### ABOUT THIS TASK
Locate each line in the records containing "with". Copy it.

### RECORDS FOR THIS EXERCISE
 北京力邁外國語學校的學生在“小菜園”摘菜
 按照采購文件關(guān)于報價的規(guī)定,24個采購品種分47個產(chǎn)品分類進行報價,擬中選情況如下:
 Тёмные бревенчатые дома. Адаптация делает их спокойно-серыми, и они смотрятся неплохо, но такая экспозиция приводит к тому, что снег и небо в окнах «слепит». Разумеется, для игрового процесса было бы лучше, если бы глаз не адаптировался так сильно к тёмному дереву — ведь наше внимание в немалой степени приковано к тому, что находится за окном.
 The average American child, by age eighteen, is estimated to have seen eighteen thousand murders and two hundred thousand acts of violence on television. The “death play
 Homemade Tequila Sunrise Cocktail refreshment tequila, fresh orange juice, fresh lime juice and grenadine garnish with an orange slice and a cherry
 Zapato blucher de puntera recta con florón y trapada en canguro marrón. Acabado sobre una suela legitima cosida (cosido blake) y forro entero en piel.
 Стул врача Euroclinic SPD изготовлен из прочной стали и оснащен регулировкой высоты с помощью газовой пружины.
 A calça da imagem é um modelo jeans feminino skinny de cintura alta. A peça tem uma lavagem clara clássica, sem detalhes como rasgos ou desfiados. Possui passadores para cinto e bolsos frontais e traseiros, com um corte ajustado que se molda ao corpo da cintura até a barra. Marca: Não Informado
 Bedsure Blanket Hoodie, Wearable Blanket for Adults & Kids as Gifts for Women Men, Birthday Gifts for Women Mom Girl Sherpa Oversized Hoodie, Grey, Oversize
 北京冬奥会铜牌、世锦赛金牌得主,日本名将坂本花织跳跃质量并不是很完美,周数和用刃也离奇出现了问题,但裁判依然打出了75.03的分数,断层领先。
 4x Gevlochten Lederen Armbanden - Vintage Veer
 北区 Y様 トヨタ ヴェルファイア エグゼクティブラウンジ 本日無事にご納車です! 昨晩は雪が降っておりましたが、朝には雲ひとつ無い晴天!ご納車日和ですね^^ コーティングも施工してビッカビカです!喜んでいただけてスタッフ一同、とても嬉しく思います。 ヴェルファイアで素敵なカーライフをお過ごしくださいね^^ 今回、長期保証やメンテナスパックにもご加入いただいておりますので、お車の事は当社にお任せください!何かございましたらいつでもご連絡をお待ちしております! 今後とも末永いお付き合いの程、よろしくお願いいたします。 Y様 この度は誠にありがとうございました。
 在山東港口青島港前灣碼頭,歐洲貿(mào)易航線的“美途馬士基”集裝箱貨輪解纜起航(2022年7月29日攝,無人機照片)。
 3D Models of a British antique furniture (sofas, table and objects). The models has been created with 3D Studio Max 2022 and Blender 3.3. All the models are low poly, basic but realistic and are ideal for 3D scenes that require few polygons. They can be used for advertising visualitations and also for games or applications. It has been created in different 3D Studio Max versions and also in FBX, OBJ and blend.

### ANSWER TO THIS PROBLEM
 Homemade Tequila Sunrise Cocktail refreshment tequila, fresh orange juice, fresh lime juice and grenadine garnish with an orange slice and a cherry
 3D Models of a British antique furniture (sofas, table and objects). The models has been created with 3D Studio Max 2022 and Blender 3.3. All the models are low poly, basic but realistic and are ideal for 3D scenes that require few polygons. They can be used for advertising visualitations and also for games or applications. It has been created in different 3D Studio Max versions and also in FBX, OBJ and blend.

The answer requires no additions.